Dia tidak langsung dieksekusi: saat itu adalah bulan libur, dan semua eksekusi ditunda. Teman-temannya menyarankan agar dia melarikan diri dari penjara; dia berkata: “Mengapa? Melanggar hukum dan benar-benar pantas mendapat hukuman? Dan dimana? Apakah ada tempat di mana orang tidak mati?” Mereka mengatakan kepadanya, ”Tetapi sungguh menyakitkan melihat kamu menderita secara tidak wajar!” Dia menjawab: “Apakah Anda ingin hal itu layak diterima?” Mereka bertanya kepadanya: “Bagaimana cara menguburkanmu?” Dia menjawab: “Kamu tidak mendengarkanku dengan baik jika kamu berkata demikian: kamu tidak akan menguburkanku, tetapi mayatku.”

Antonio Canova. Socrates mengambil secangkir hemlock (akhir abad ke-18, Possagno, Hypsoteca Canoviana)

Mereka dieksekusi dengan racun di Athena. Socrates diberi cangkir - dia meminumnya sampai habis. Teman-temannya mulai menangis - dia berkata: "Sst, sst: kamu harus mati dengan cara yang baik!" Tubuhnya mulai kedinginan, ia pun berbaring. Ketika hawa dingin menghampiri hatinya, dia berkata: “Berkorbanlah kepada dewa kesembuhan.” Ini adalah kata-kata terakhirnya.

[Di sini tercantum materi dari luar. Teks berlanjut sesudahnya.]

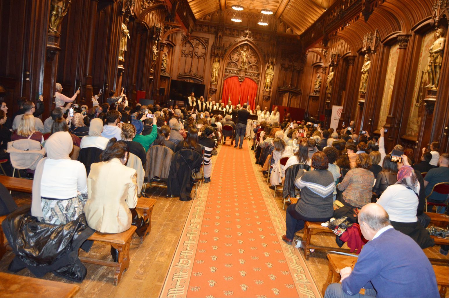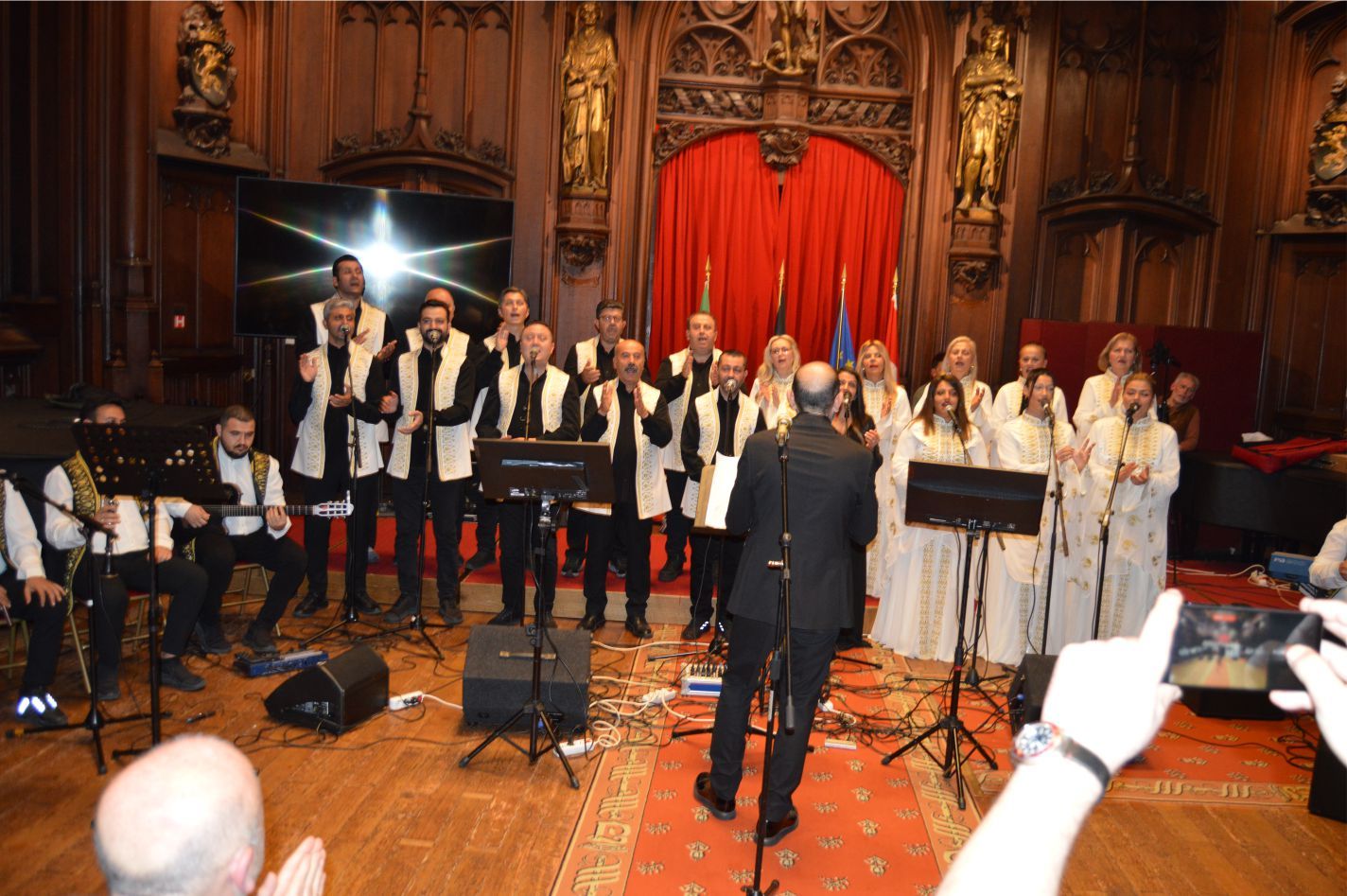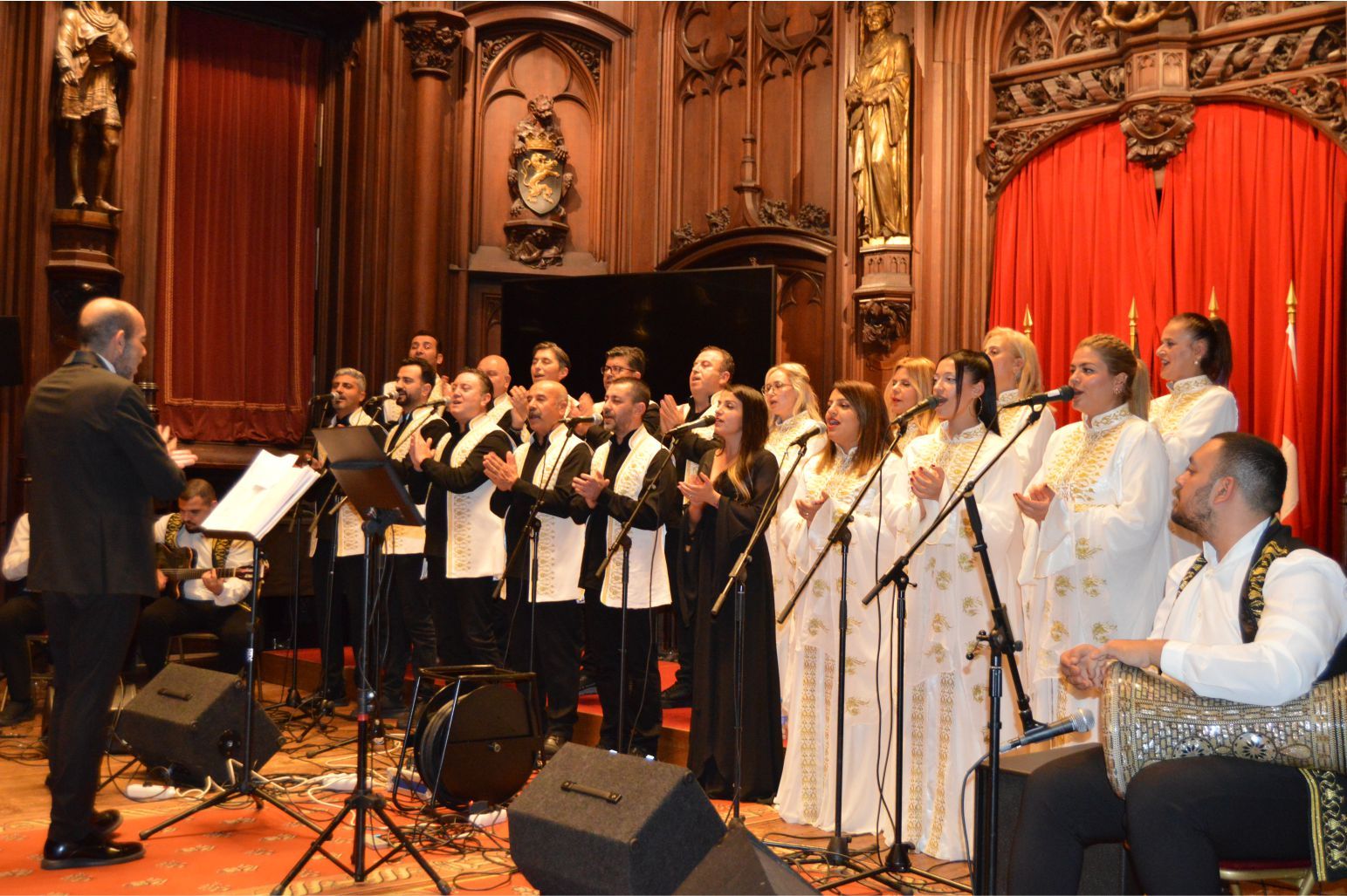 Aktif Dernekler Federasyonu’nun organizasyonu ve ‘Dinlerarası Platformu’un katkıları ile birlikte, Brüksel Belediye Salonu’nda muhteşem bir konsere imza atan ‘Antakya medeniyetler Korosu’ Şef Yılmaz Özfırat’ın başarılı Şefliğinde görkemli bir dinletiye daha imza attılar.

Artinya, Socrates seharusnya dieksekusi hampir sebulan setelah orang Athena menjatuhkan hukuman yang pada dasarnya tidak adil. Para penuduhnya adalah para demokrat utama Athena, semacam "elit sosial-politik" - penyair sipil Meletus, pejuang tiran Anytus, orator demokrasi Lykon. Mereka mengadilinya atas nama penguasa besar Athena - Pericles, Themistocles. Mereka diadili, tentu saja, atas tuduhan yang dibuat-buat - tetapi filsuf yang keras kepala dan keras kepala itu benar-benar muak. Socrates tidak menentang pengadilan seperti itu, pengadilan rakyat.Pendebat hebat Socrates tidak menyukai kefasihan kosong - dia memutuskan untuk membela diri, berbicara, seperti yang Anda lihat, kata-kata paling sederhana, dan - memenangkan begitu banyak perselisihan! - proses ini hilang.Teman-temannya menyarankan agar dia melarikan diri, namun Socrates menolak mentah-mentah. Mengapa? Karena Socrates tidak dapat menempatkan dirinya di atas hukum, meskipun hukum ini tidak benar atau diterapkan secara tidak adil,itu bertentangan dengan apa yang dia sendiri katakan dan ajarkan.Bagi Socrates, Hukum lebih tinggi, lebih penting dibandingkan Socrates.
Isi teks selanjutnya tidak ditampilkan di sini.